Trend Asia menghitung bahwa untuk memenuhi kebutuhan bahan bakar co-firing biomassa 10 persen yang direncanakan pemerintah, akan dibutuhkan pengembangan hutan tanaman energi (HTE) seluas hingga 2 juta hektar atau setara 35 kali luas Provinsi Jakarta. Ini setara dengan 3.270.000 lapangan sepak bola.

Masih menunggu DIM

Anggota Komisi VII DPR dari Fraksi Partai Keadilan Sejahtera, Diah Nurwitasari, mengatakan, Komisi VII masih menunggu pemerintah menyerahkan daftar inventarisasi masalah (DIM) RUU EBET untuk segera dibahas. Pada 29 November 2022, draf DIM RUU EBET yang disampaikan oleh pemerintah hanya menyebutkan terdiri dari 574 nomor dengan rincian 52 pasal diubah, 10 pasal tetap, dan 11 pasal baru, tetapi tidak ada dokumen resmi yang diserahkan.

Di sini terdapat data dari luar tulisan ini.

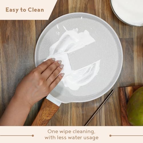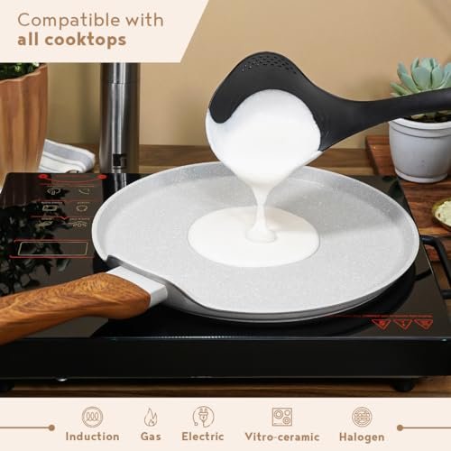 ✔️Jumbo-Sized Pancakes Made Easy : Craft giant, fluffy pancakes (30 cm diameter) with this impressive forged aluminum pan that ensures even heat distribution 👌🏻Effortless Non-Stick Advantage : The PFOA-free, multi-layer non-stick coating allows for minimal oil usage and effortless food release for perfect pancakes and easy cleaning ✨Elegant Marble-Inspired Finish : The stylish white granite coating adds a touch of sophistication to your kitchen decor 🔘Induction Compatible Versatility : Works flawlessly on all cooktops, including gas, electric, and induction 🤏🏻Comfortable Soft-Touch Handle : The ergonomically designed handle stays cool for comfortable maneuvering, even when flipping large pancakes

”Kita masih belum tahu secara detail pasal-pasal yang diubah karena baru dijelaskan secara garis besar saja, seperti transisi energi dan peta jalan, sumber EBET, hingga menyetujui pembentukan majelis tenaga nuklir,” ujarnya.

Direktur Jenderal Energi Baru, Terbarukan, dan Konservasi Energi Kementerian Energi dan Sumber Daya Mineral Dadan Kusdiana mengatakan, hal yang alot dalam pembahasan DIM RUU EBET antar-kementerian ialah terkait penggunaan bersama jaringan transmisi atau power wheeling. Namun, sudah ada sejumlah opsi sehingga DIM diharapkan bisa segera dirampungkan untuk dibahas di DPR (Kompas.id, 30/11/2022).